В конце его третьего года обучения в коллеже его отец умер от последствий старой раны, полученной в бою. Это событие должно было произойти, когда его сын достиг пятнадцатилетнего возраста, и, следовательно, в 1769 году. По законам природы и феодального наследования этот сын теперь был главой своего дома, пэром Франции, наследником тех особых привилегий, которые тогда принадлежали его сословию, владельцем крупных земельных владений и графом Талейран-Перигором: всех этих прав, иммунитетов, титулов и достоинств он был произвольно лишен жестоким решением семейного совета, автором и инициатором которого была его мать, а его права первородства были переданы младшему брату, который в младенчестве был спутником его изгнания. Почему этот акт несправедливости был совершен и как, мы позволим рассказать г-ну Кольмашу:

«Именно в это время умер его отец, и Шарль Морис стал графом де Талейраном и главой той ветви семьи, к которой принадлежал. Тем временем младший сын, Аршамбо, также вернулся из своего воспитания; но у него было больше шансов — его конечности были здоровы и хорошо развиты, как Бог их создал. Никакой ужасный несчастный случай, следствие гнусного пренебрежения, не испортил его форму и не омрачил его привлекательность. Итак, в один прекрасный день, и как естественное следствие, заметьте, этого счастливого обстоятельства, когда Шарль Морис, старший сын, закончил свой курс обучения в Людовике Великом, пройдя свои классы с большим блеском, пришел высокий, желчный, облаченный в черное священник и увел его из среды друзей в мрачную старую семинарию Сен-Сюльпис, и именно там он получил ошеломляющее известие из уст самого настоятеля, что по решению семейного совета, которое не подлежало обжалованию, его право первородства было отнято у него и передано его младшему брату.

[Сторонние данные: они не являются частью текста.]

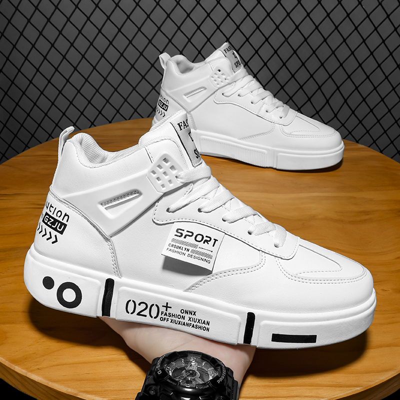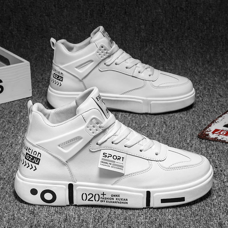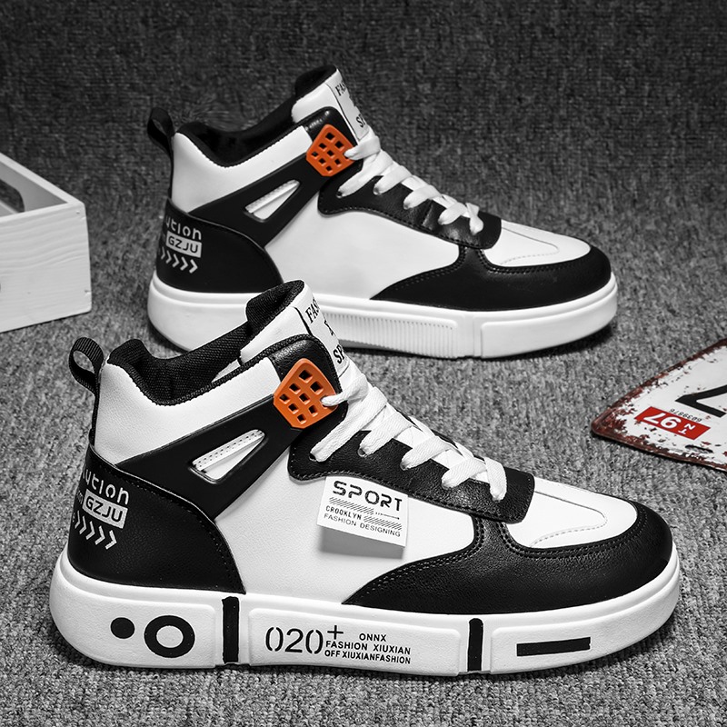 男鞋 子学生运动鞋 新款 皮面鞋 秋冬高帮休闲鞋 电池熊猫鸿星尔克板鞋
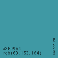 Цвет #3F99A4 в цветовой модели RGB обозначается тремя октетами (63, 153, 164) в десятичном формате и #3F99A4 в шестнадцатиричном (hex) формате, которые являются интенсивностью красного 63 (hex 3F), интенсивность зелёного 153 (hex 99) и интенсивность синего 164 (hex A4).
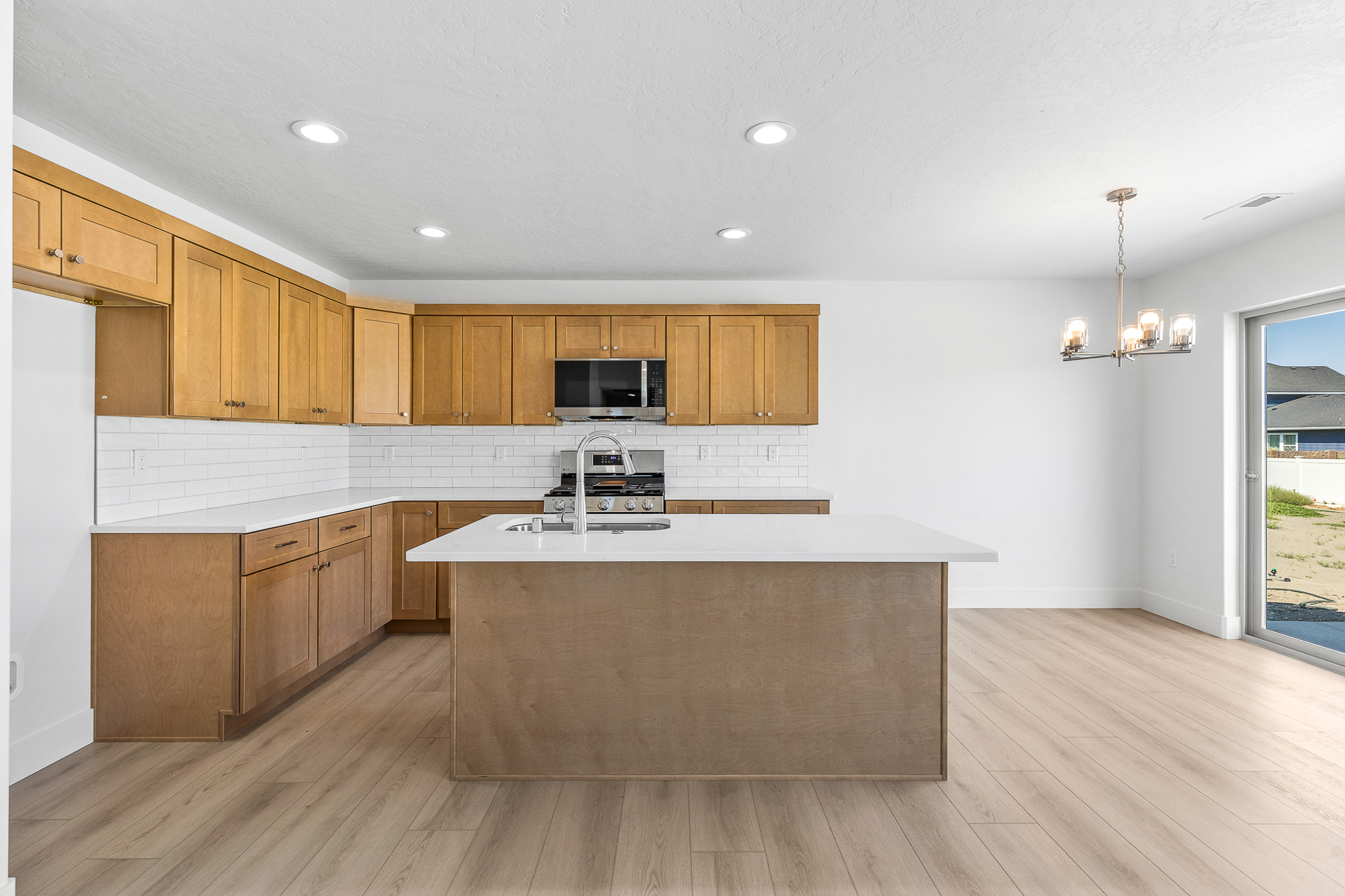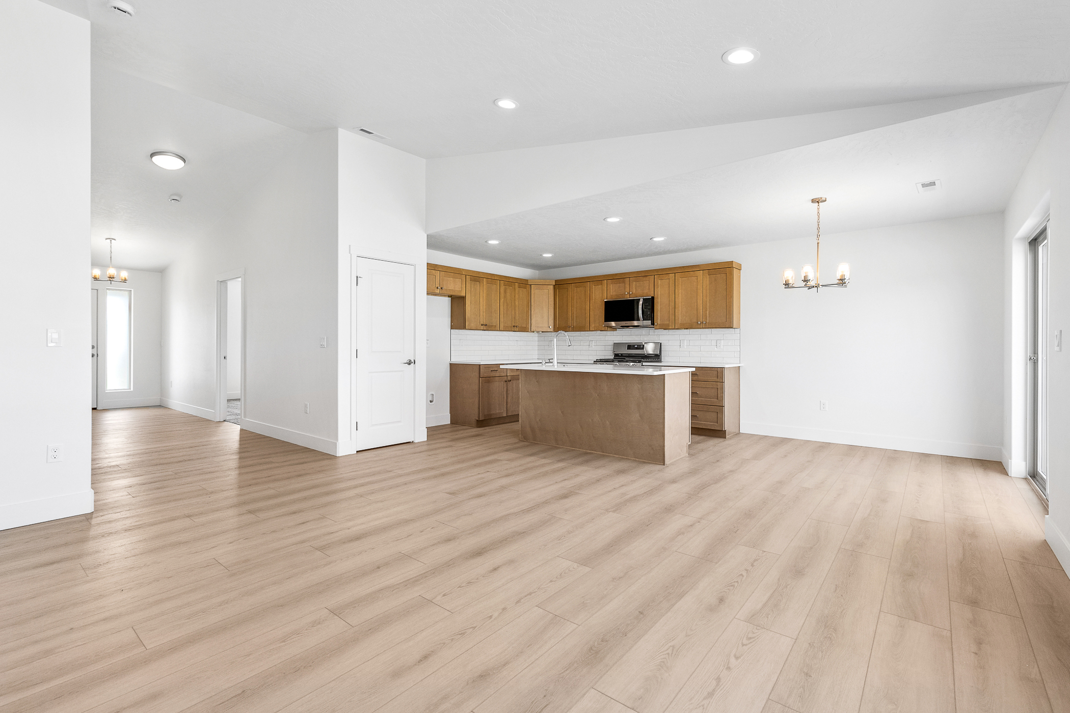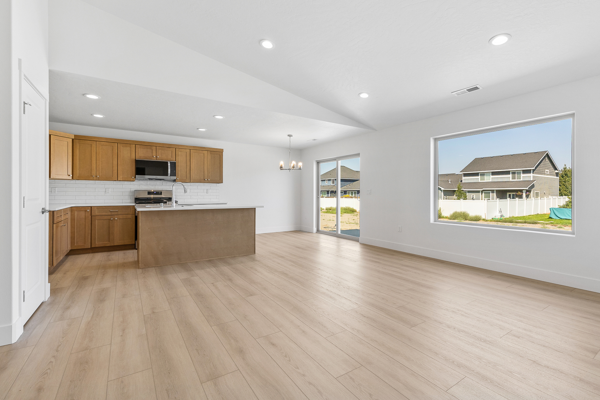 Step into the 1250 plan, elegant with a beautifully designed open concept encompassing the kitchen, great room, and dining area, all overlooking the serene backyard.
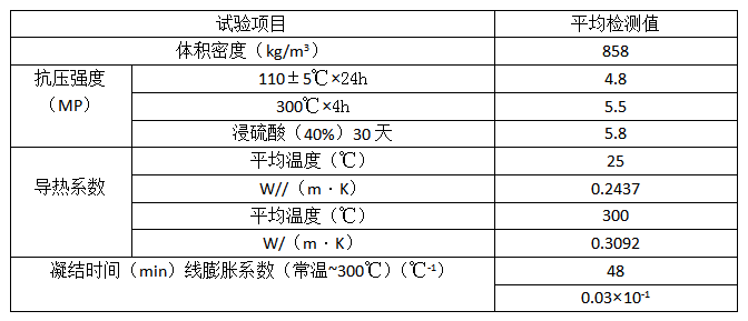 新型輕質(zhì)耐酸澆注料經(jīng)現(xiàn)場要求取原材料樣品進(jìn)行性能測試,結(jié)果如下
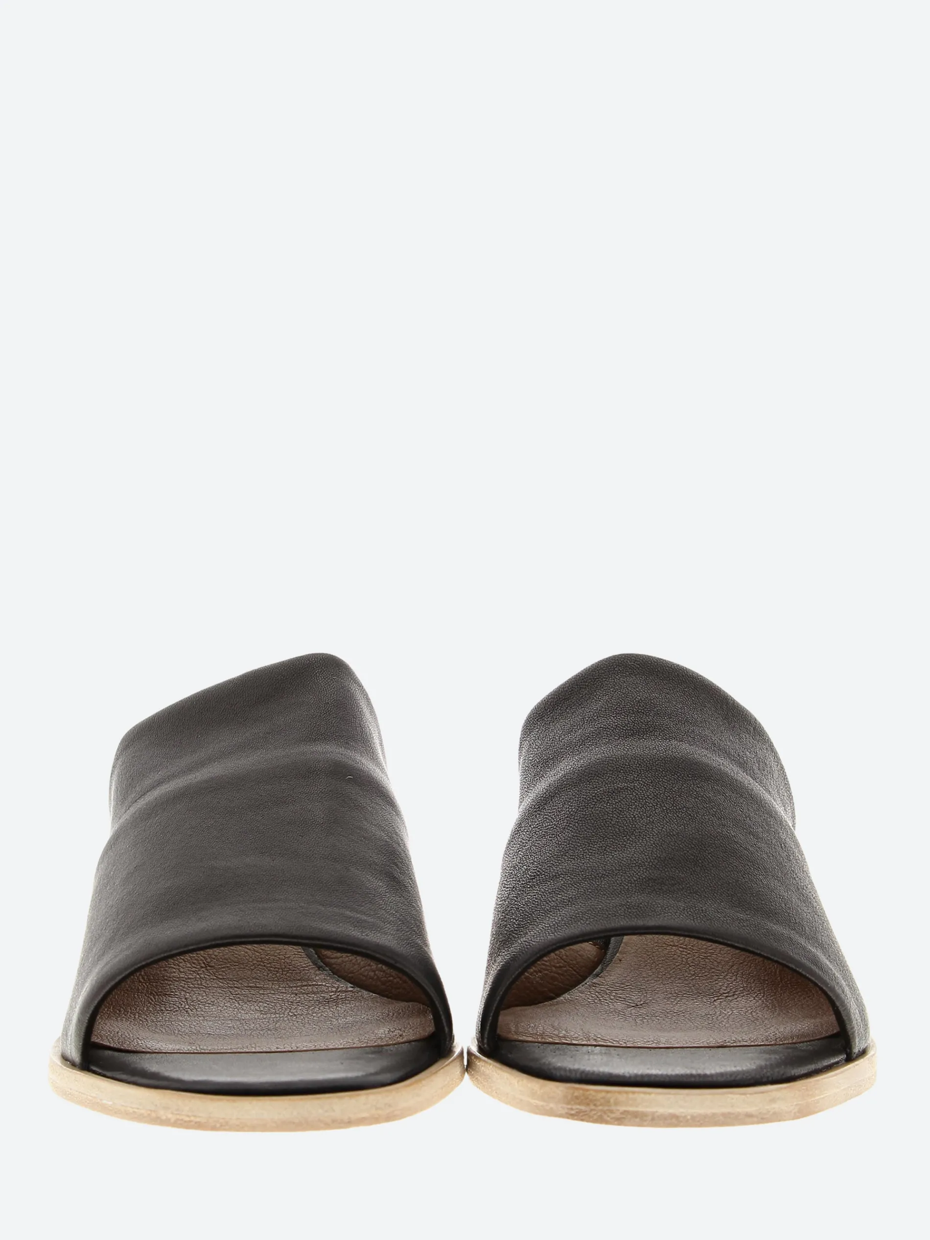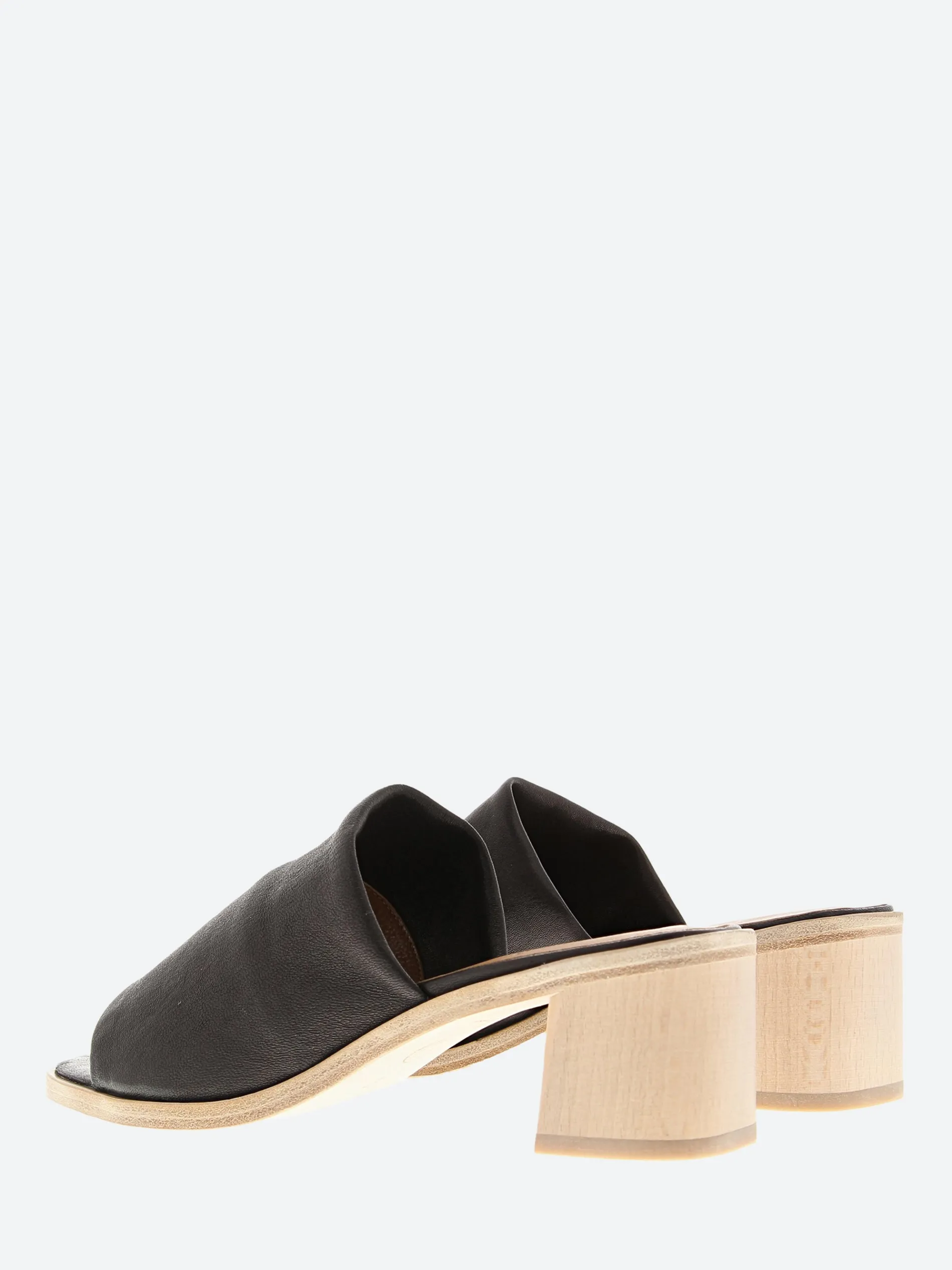 Stretch leather slide on a mid height architectural wood heel that takes you out the door in your own style.
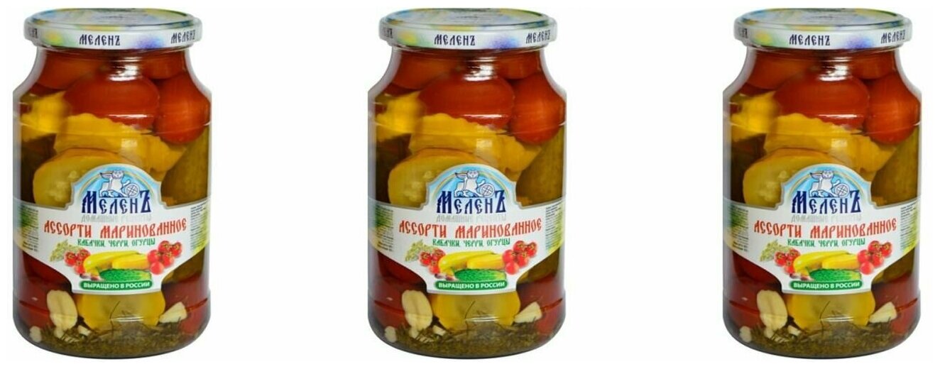 Сервис сравнения цен СкидкаГИД предлагает сравнить цены на товар «Ассорти Меленъ овощное Кабачки черри огурцы 900г Меленковский КЗ»
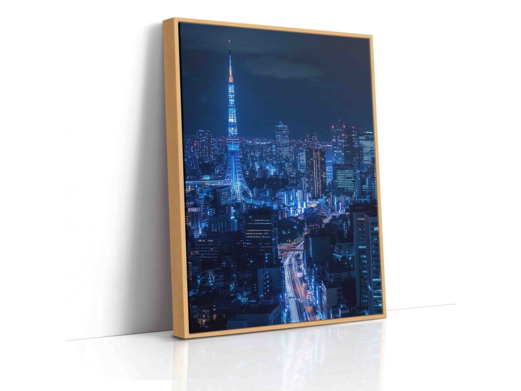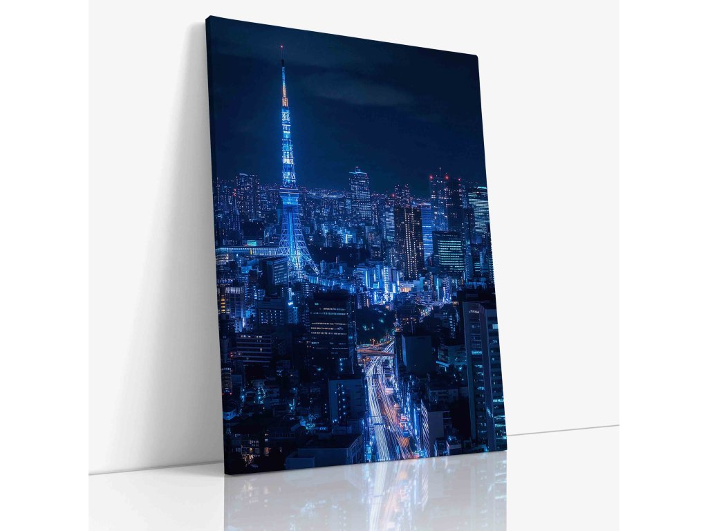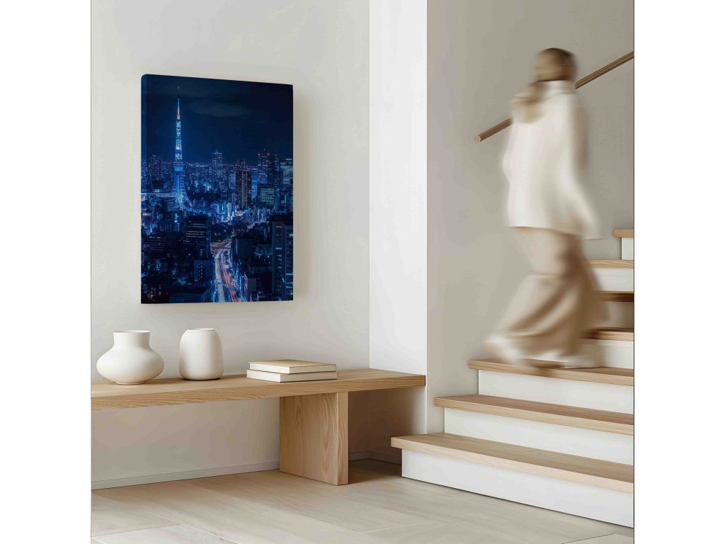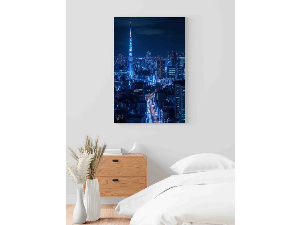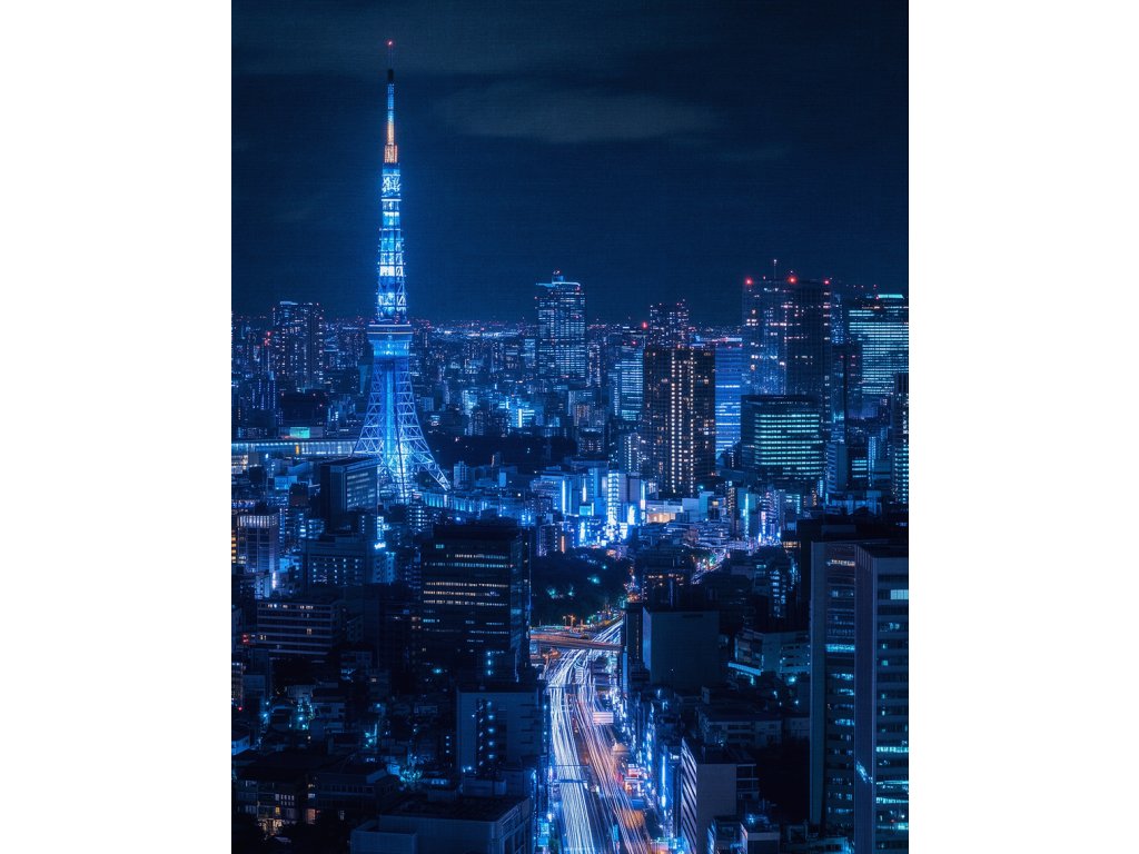 Červená dominanta Tokia uprostřed nočního oceánu světel. Obraz osvětlené Tokyo Tower zachycuje pulzující atmosféru japonské metropole. Kontrast sytě červené konstrukce věže a nekonečného městského horizontu plného neonů vytváří unikátní vizuální zážitek. Skvělá volba pro fanoušky Japonska, moderních technologií a kyberpunkové estetiky, která oživí každou stěnu.

— Почему так? — пробормотал мальчик, не в силах скрыть свое волнение.

— Он не калека, — был суровый и жестокий ответ.

«Должно быть, это был тот час — нет, тот самый миг — эхо тех бессердечных слов, которое сделало принца де Талейрана тем, кто он есть даже по сей день. Кто расскажет о горьких муках того смелого, сильного духом юноши, когда он услышал несправедливый приговор? Было ли это вызов и отчаяние, дар ада, или смирение, благословенный дар небес, что заставило его позволить набросить грубую черную рясу поверх своего студенческого мундира, без крика, без ропота? Никто никогда не сможет угадать, каковы были его чувства, ибо этот единственный инцидент всегда обходится принцем. Он никогда не ссылается на него, даже в дружеской беседе со своими самыми любимыми близкими. Несомненно, поэтому, что тот единственный час, о котором я говорю, нес в себе целую жизнь горечи и агонии. (Стр. 106, 107.)»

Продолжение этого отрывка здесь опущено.